Hello everyone. I am new here so forgive me if I am not doing things in a most correct way. After successfully performing genome assembly ( I hope) from a particular species, I need to provide an estimation of how many cytochromes genes are present in my assembly. I really struggling to come up with a strategy to approach this task. Would you use BLAST to compare/find regions of similarity with other known sequences? But how do I do that with a particular gene (CYP in this case)?. Any help would be very much appreciated. Thank you very much.
ps - this is related to some MSc coursework
Gonçalo
Is there a related genome available that is annotated? You could start with that and compare. It would also give you some idea of how good your assembly is.
BLAST would be a good way to start to look at individual genes. Have you done gene predictions? Preferably do your comparisons at protein level to have confidence in the results.

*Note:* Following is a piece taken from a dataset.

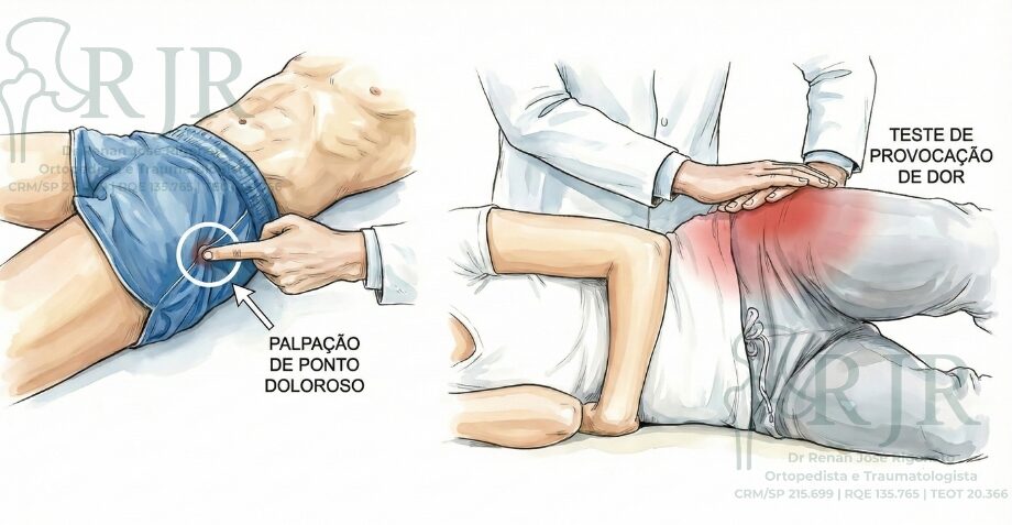 A dor na lateral do quadril costuma ter um padrão bem típico: ela piora com a palpação profunda na região do trocânter maior, onde fica a bursa trocantérica. Além disso, durante o exame, é comum a dor aumentar quando o paciente está deitado sobre o lado não doloroso e tenta abrir a perna (abdução) contra a resistência do médico, porque essa manobra sobrecarrega a região lateral do quadril.

If the gene is expected to be multi-copy then your assembly may have collapsed those copies if you did not have long read data. So keep that in consideration.
Thank you very much for your reply. I didn't do gene predictions yet. Would you suggest using something like MAKER for gene prediction and then use BLAST to find regions of similarity with the reference genome? My task is basically to perform a de novo assembly for the fire ant Solenopsis Invicta as, apparently, the official genome assembly is quite fragmented. Then, as part of the same assessment, I am being asked to estimate the number of CYP genes in my assembly.
Running MAKER on your assembly would be fine. Since it is an annotation pipeline it will produce valued added results for the whole genome. You may also want to run BUSCO to see if your assembly is reasonably complete.